As the half year came to an end, many will have noticed that any stock that can demonstrate that it will benefit from Artificial Intelligence (AI), has had a good run.   June was a muddling month that ended on a positive note but suffered bouts of negativity, notably after disappointing inflation data resulting in higher interest rates.

The reality may be that these are the same stocks that got beaten up in 2022 and that the strong returns of ‘big tech’ stocks was effectively a dose of mean reversion.

How many stayed the course?  The following chart sourced from FE Analytics illustrates both the mean reversion of the Nasdaq 100 and the volatility en route to a marginal positive return from the start of 2021 to the end of June 2023.

FOMO

 The AI ‘chat’ built up a head of steam for ‘big tech’ as investors feared missing out on the rally in stocks that said they would benefit from AI.  Money flows into technology stocks in May, revealed in June, shows how substantial the flows were.

The largest flows coming in the month of May as the following graph shows.

Source: Marquee Finance

Bad Breadth

The Nasdaq was the best performing index in the first half of 2023 and June was another good month for the technology dominated index.  Four companies represent 40% of the Nasdaq index, Microsoft, Apple, NVIDIA and Amazon.  Respectively, up 42%, 62%, 190% and 46%.  Much of that stellar Nasdaq index performance is in the hands of a few stocks that have bounced after plummeting in 2022.

 False Dawn?

June 21st saw the summer solstice come and go.
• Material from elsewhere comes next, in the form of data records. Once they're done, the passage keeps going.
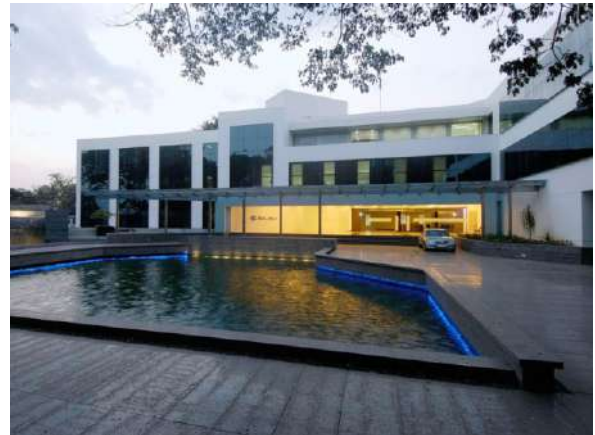
Bajaj Auto, Pune
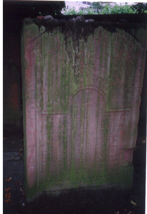
Rabbi Zvi Hirssh Horowitz

The hands of my watch were unmercifully moving ahead, the museum's closing hour was getting nearer and nearer. Trembling, I locked the heavy iron gate and gave the last glance to the Cube, tolling between young maple trees, assembled with the fragments of the ruined synagogue, and turned to the train station.
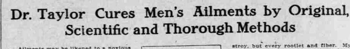
The Doctor That Cures.
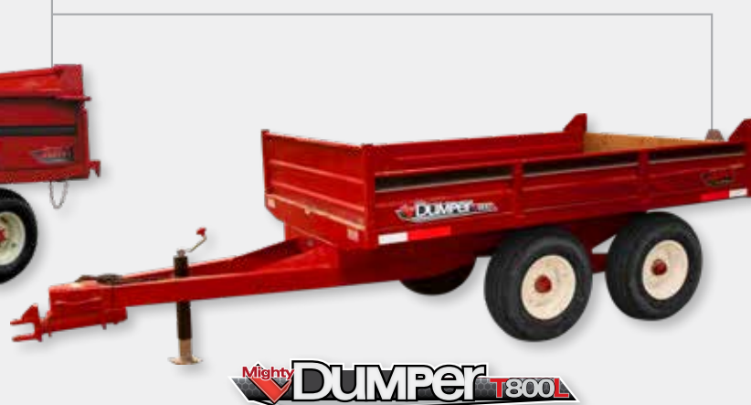
Mighty DUMPER T800L

The T800 Mighty Dumper is an 8-ton capacity, tandem axle utility trailer with removable 24" formed steel sides and a self-opening tailgate with a grain door. Dump box dimensions: 6' wide x 10' long with 24" high sides
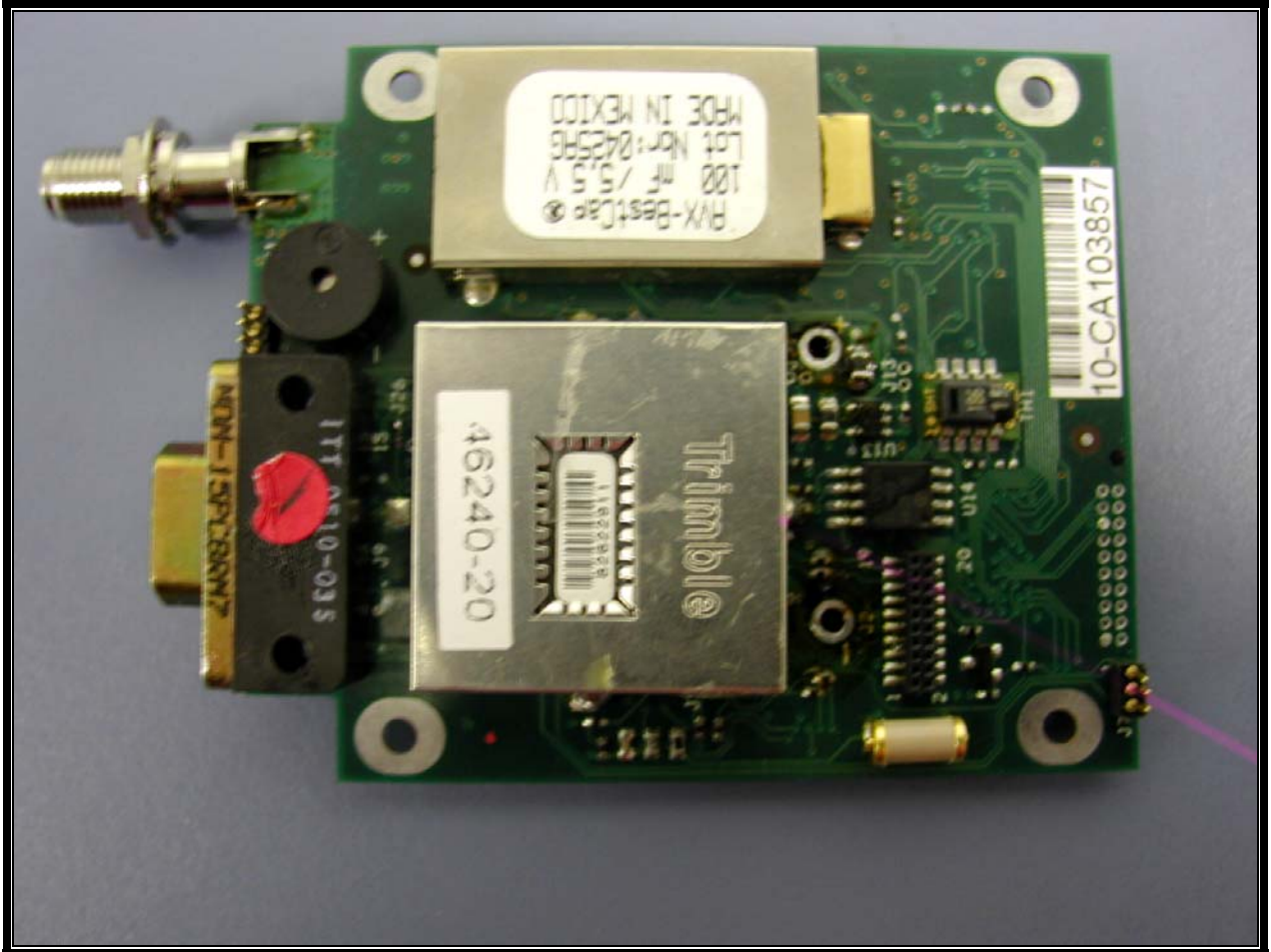
Photograph 9: PCB with Super-capacitor and Trimble Self-enclosed Component
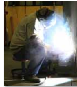
A welder at SpecSys in Benson

For many, it was important to be up at the crack of dawn to witness the sunrise on the longest day of the year.  Anyone who has chosen to invest in the first half of 2023, may believe that we are in a new bull market, buoyed by AI.  However, it is hard to recall a period when there was such a great dispersion of views from financial market strategists.

The second half looks like a tricky investing period, although not necessarily an unrewarding one.  A number of asset classes, such as developed market government bonds, have continued to cheapen.  The Nasdaq  and the IT sector contain some lofty earnings expectations. Some will be met – some won’t.  The top four of the Nasdaq are identical to the top four in the S&P 500 index albeit with half the collective weight.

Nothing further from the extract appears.